Pour bien vivre ce temps, ne confondons pas les moyens et l'objectif. Les moyens sont bien connus ; ils sont traditionnellement au nombre de 3 : le partage, la prière et le jeûne. Mais ne manquons pas l'objectif qui est Jésus lui-même. Sainte Thérèse disait : aimer Jésus et le faire aimer. Et lorsque nous sommes vraiment à Jésus, Jésus nous donne au Père.
 
Cet objectif sera dit, lors de la vigile pascale, dans les mots suivants : 
"Après avoir terminé l'entraînement du Carême, renouvelons la renonciation à Satan que l'on fait lors du baptême, renouvelons notre profession de foi au Dieu vivant et vrai, et à son Fils Jésus-Christ, dans la sainte Église catholique."

Nous remarquons qu'il est question de renonciation à Satan.

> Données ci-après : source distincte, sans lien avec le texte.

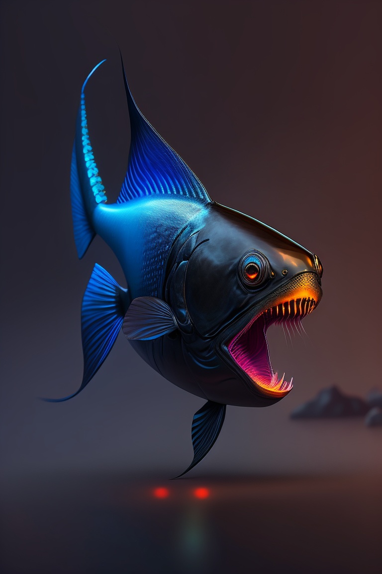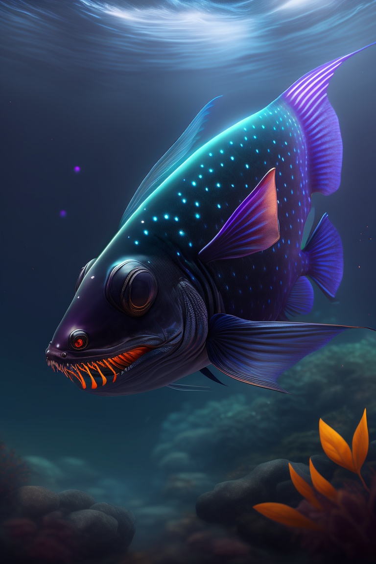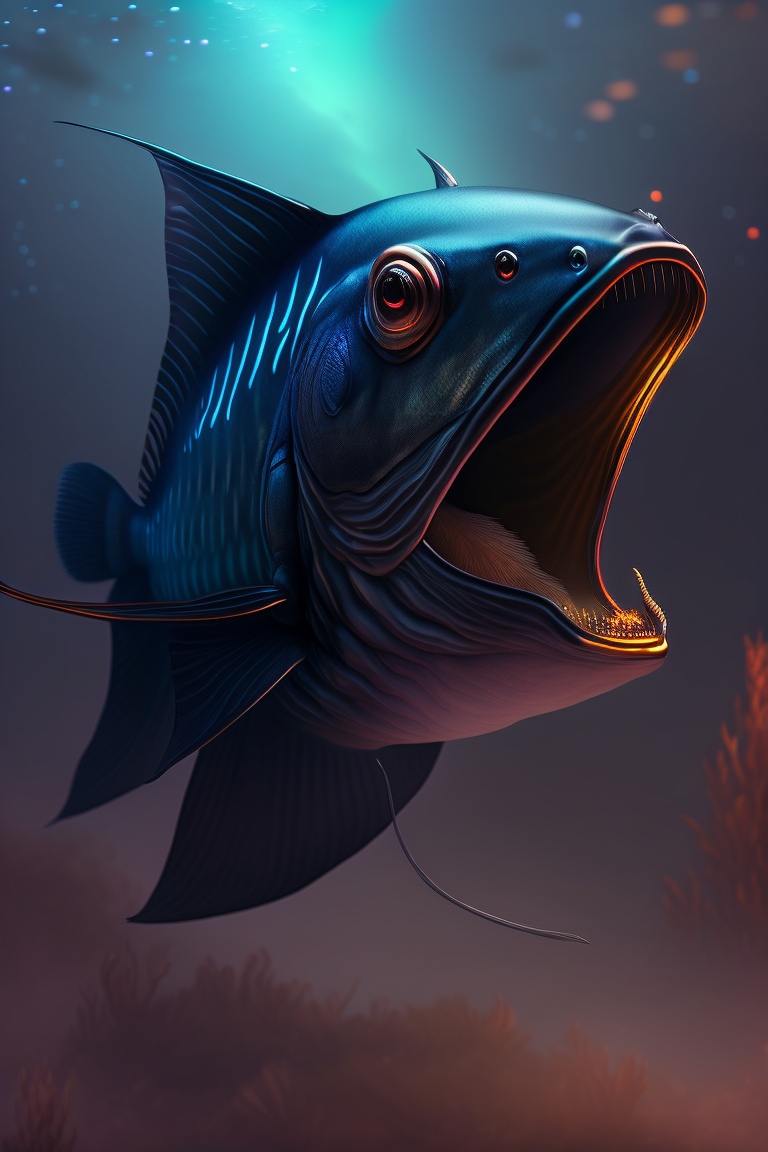 A glowing black dragonfish with big open mouth and numerous long whiskers, profil view with long tail, can see its full body. head turn to us. lurking in a deep and dark sea, surrounded by other mysterious bizzard fishes and creatures. scifi. surreal.

Le carême c'est aussi un combat contre le péché, contre les forces du mal. C'est le combat de Jésus, dont parle tous les ans l'évangile du premier dimanche de Carême. Jésus se veut aux ordres du Père; il se veut au service de son projet d'amour et de vie. Sa nourriture et de faire la volonté du Père. Il repousse avec force les pièges du tentateur. Nous le prenons pour Modèle et nous comptons sur son aide.
Et nous faisons nôtre la belle prière de l'Eglise qui dit très bien l'objectif principal de ce saint temps : 
Accorde-nous, Dieu tout-puissant, tout au long de ce Carême, de progresser dans la connaissance de Jésus-Christ et de nous ouvrir à sa lumière par une vie de plus en plus fidèle.